What It's About

TRIBEWORK is about consuming the process of life, the journey, together.

Saturday, January 22, 2011

Something So Tweetable


It’s a superficial world that wants a hundred 140-character messages of meaning in a ten minute portion of web browsing; one that chews data up and spits information out at diabolical pace... yet, that’s us. Quick and to the point—even if depth is skimped—seems to be ‘it’ for our day. We’re past masters at it.

We can do better.

People can be met and listened to. Freedom can be known in taking a few more nanoseconds to get our minds around an important concept. The physical world can be touched.
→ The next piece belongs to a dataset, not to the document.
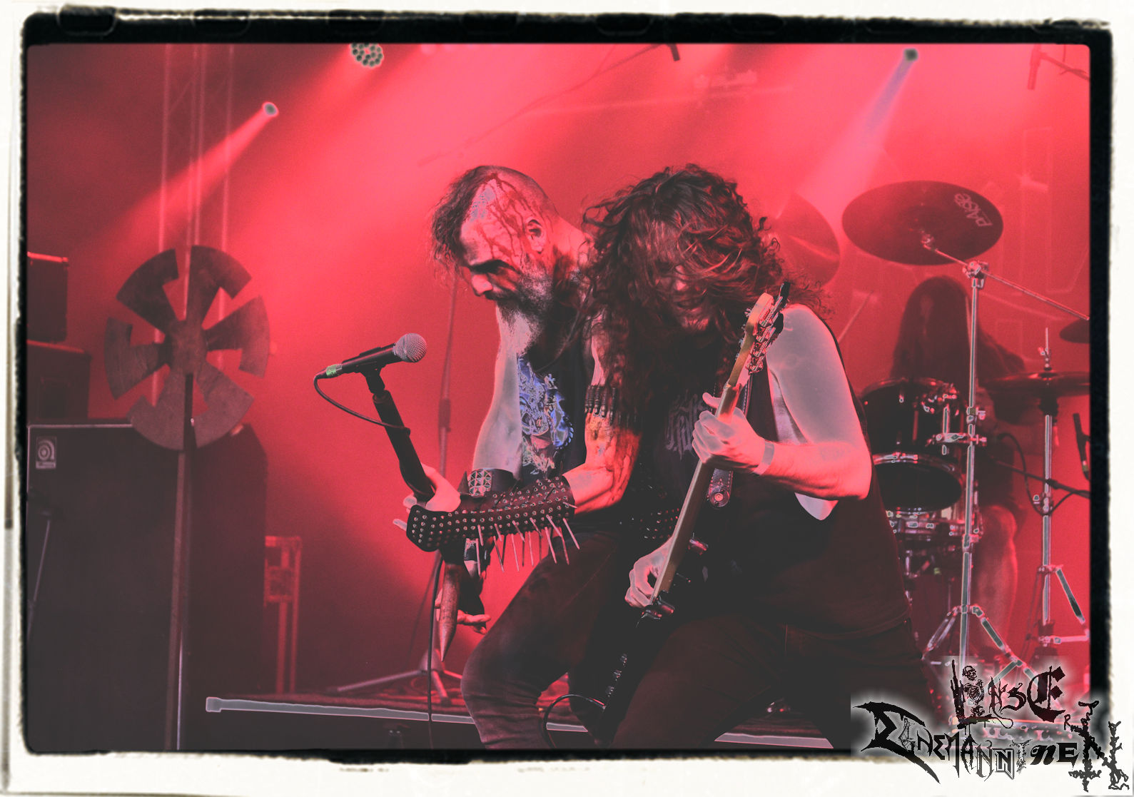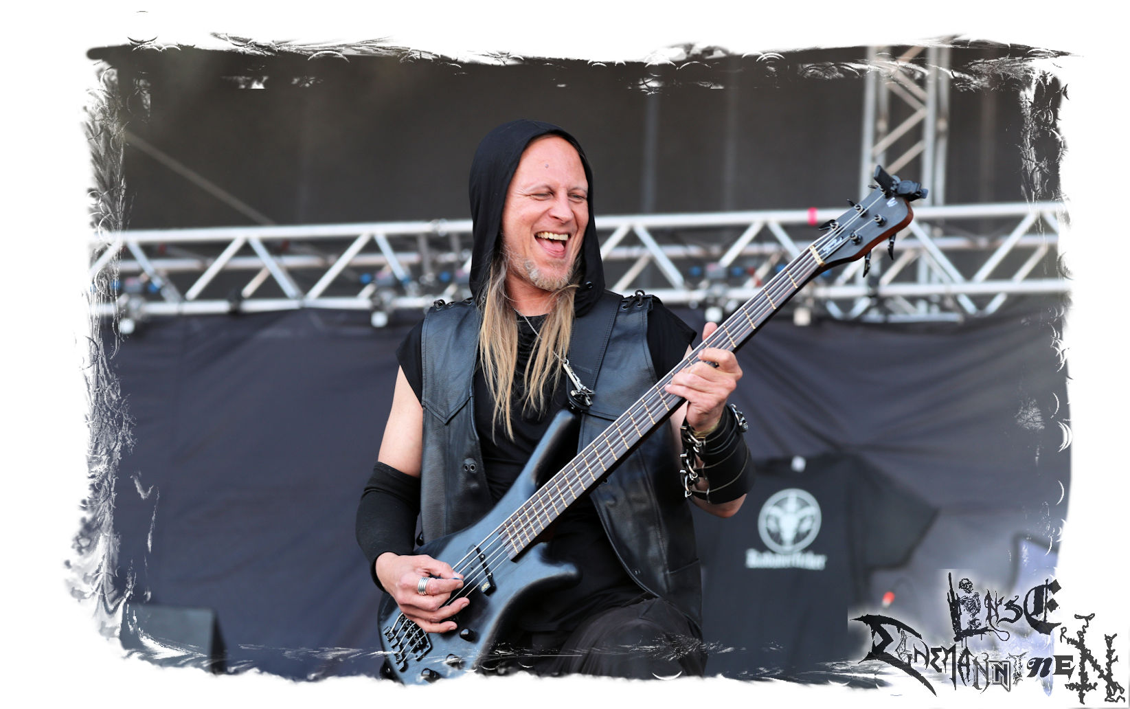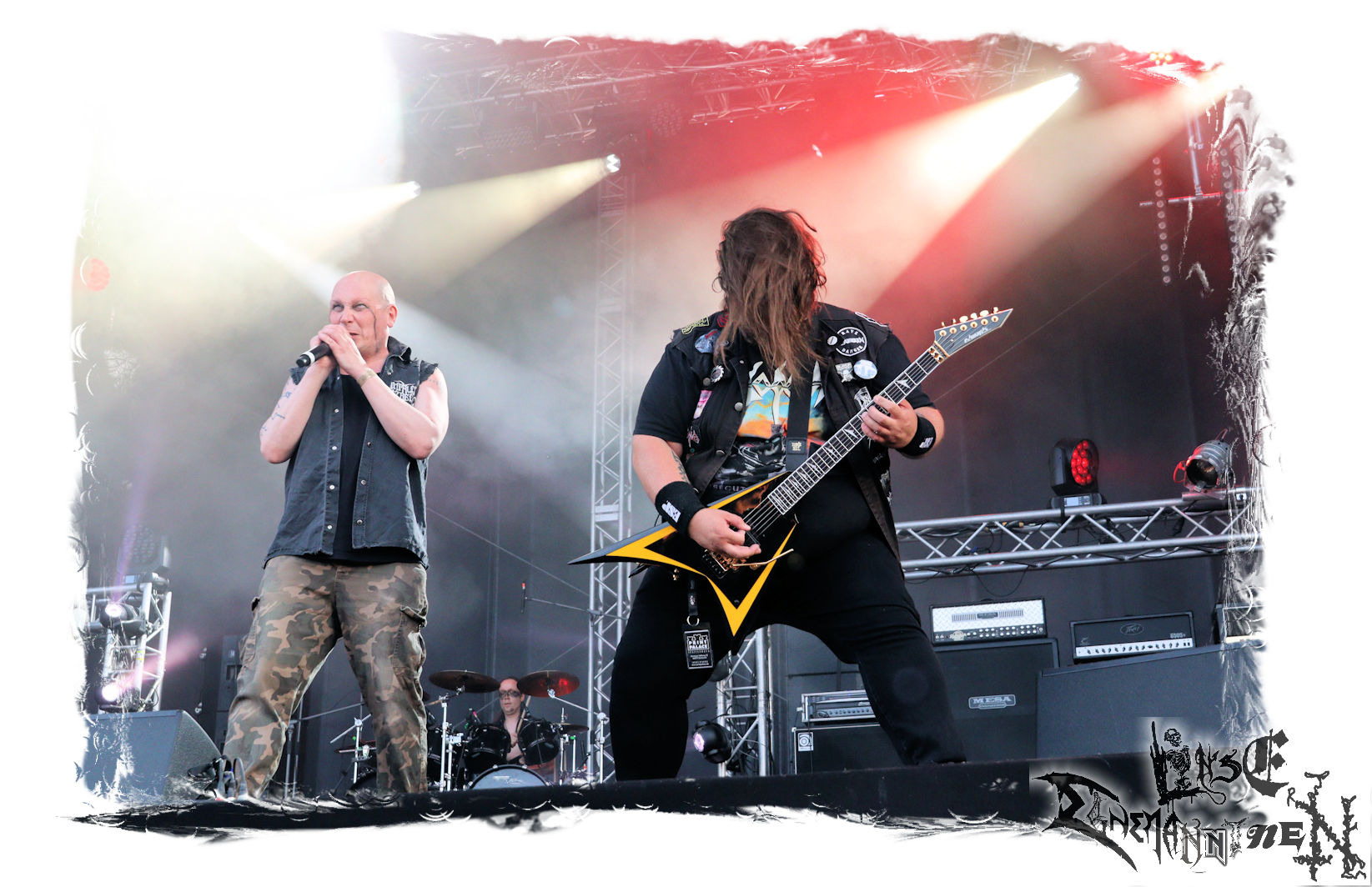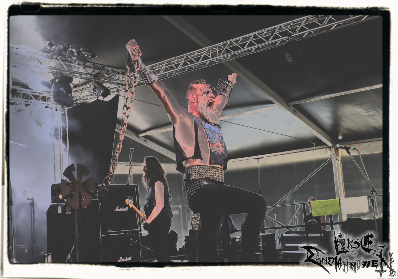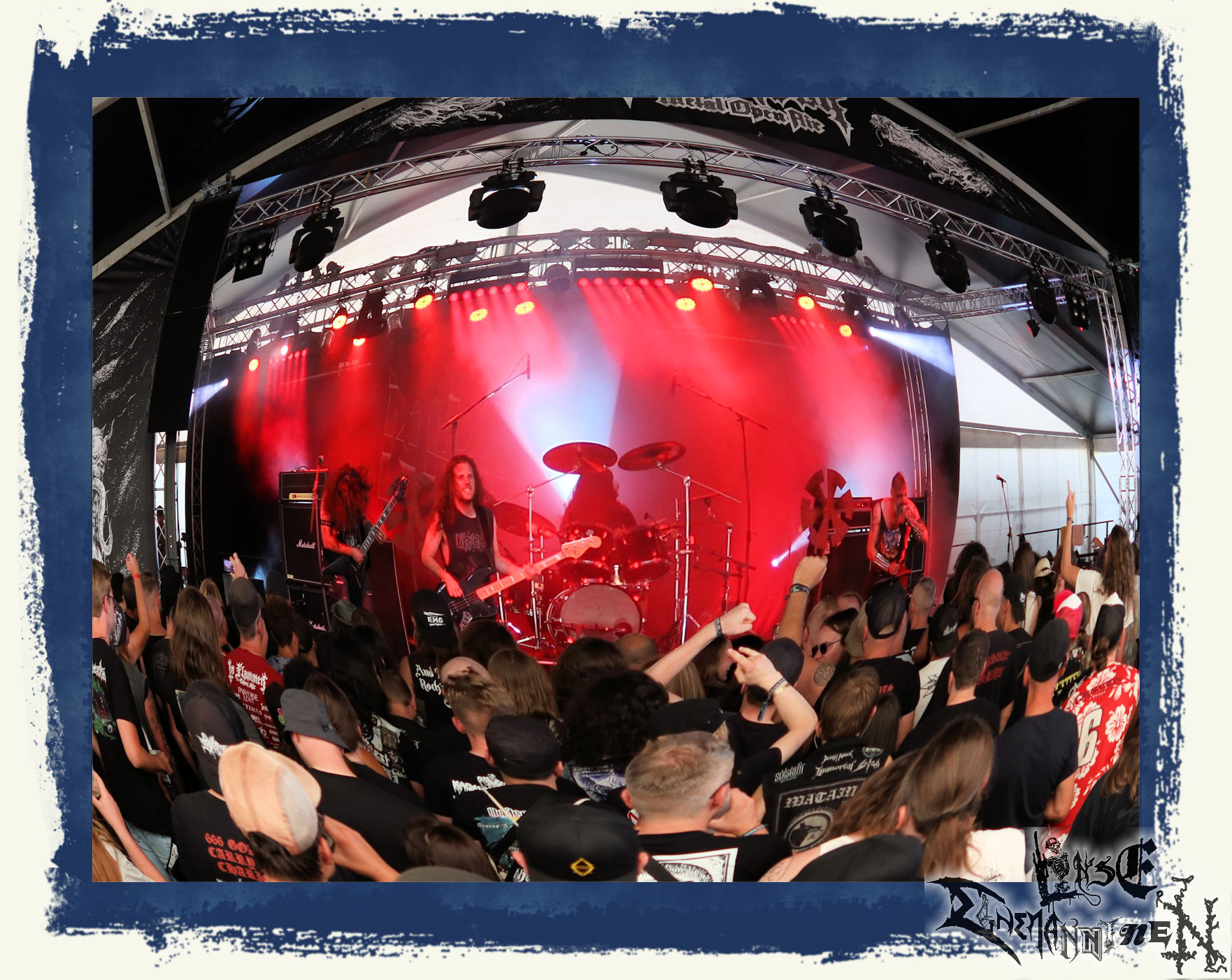 Mit EIS wird der Abend eingeläutet. Die Band aus dem Lupus Lounge – Stall ist wie geschaffen für das Zelt auf dem PARTY.SAN METAL OPEN AIR und beweist eindrucksvoll, wie man Atmosphäre mit mitreißenden Black Metal – Songs kombiniert. Bandkopf Alboin ist gleichzeitig Fan und Vollblutmusiker, der mit den Schwarzmetall-Größen der Neunziger aufgewachsen ist, wobei seine Musik sowohl von diesen, als auch von seiner Bewunderung gegenüber prägenden heimischen Acts wie Helrunar oder auch dem Wirken von Schwadorf mit Sun Of The Sleepless beeinflusst ist. Auch macht er keinen Hehl daraus, dass ihm die Einladung nach Schlotheim mit seiner Band als "Spätberufenem" sehr viel bedeutet. Und diese Haltung schwingt in diesem Konzert mit. Egal, ob Songs vom 2005er-Album "Galeere" ("Durch lichtlose Tiefen", seinerzeit noch unter dem Bandvorgänger Geist veröffentlicht (aus namensrechtlichen Gründen musste man sich danach in Eis umbenennen), vom bisher jüngsten Album "Bannstein" oder vom Klassiker "Wetterkreuz" (2012), der heuer auch schon zehn Jahre auf dem Buckel hat, gespielt werden. Eis zünden ein kleines Highlight, das mir noch lange in Erinnerung bleiben und mich animiert, mir die Scheiben mal wieder zu Gemüte zu führen. Danke!(JD)

Tweets and status updates (short ones!) have their place, but what’s sacrificed to the popularising of the masses? Our dignity for one...

A Deeper Premise

The people seeking the time to go deeper are those extracting life from life; not some fake adventure like one of those skimming rocks across the placid lake’s surface. They get to the other side and know nothing of negotiating with skill and fortitude the rapids upstream.

The rapids produce difficulty, of course.

Most people studiously avoid difficulty. Yet, no risk means no return. A fake world is returned, no questions asked.

Exploring is the essence of the true life experience. Even though we struggle to plunge deeply into many things there are some things we can’t help get lost in. Getting lost is fun.

Getting lost is life.

The Mystery of a Good Tweet

‘Elegant simplicity’ is the term. That is, come up with a 140-character tweet or slightly longer status update that actually encourages fossicking! This is our challenge, and there are some who are becoming brilliant at it... but it still won’t feed a hungry soul clawing to be edified.

The generation of interest and appetite to learn, however, is the founding of edification. Something so tweetable ventures into this territory.

© 2011 S. J. Wickham.

P.S. Will we even have ‘tweets’ and ‘status updates’ in twenty years?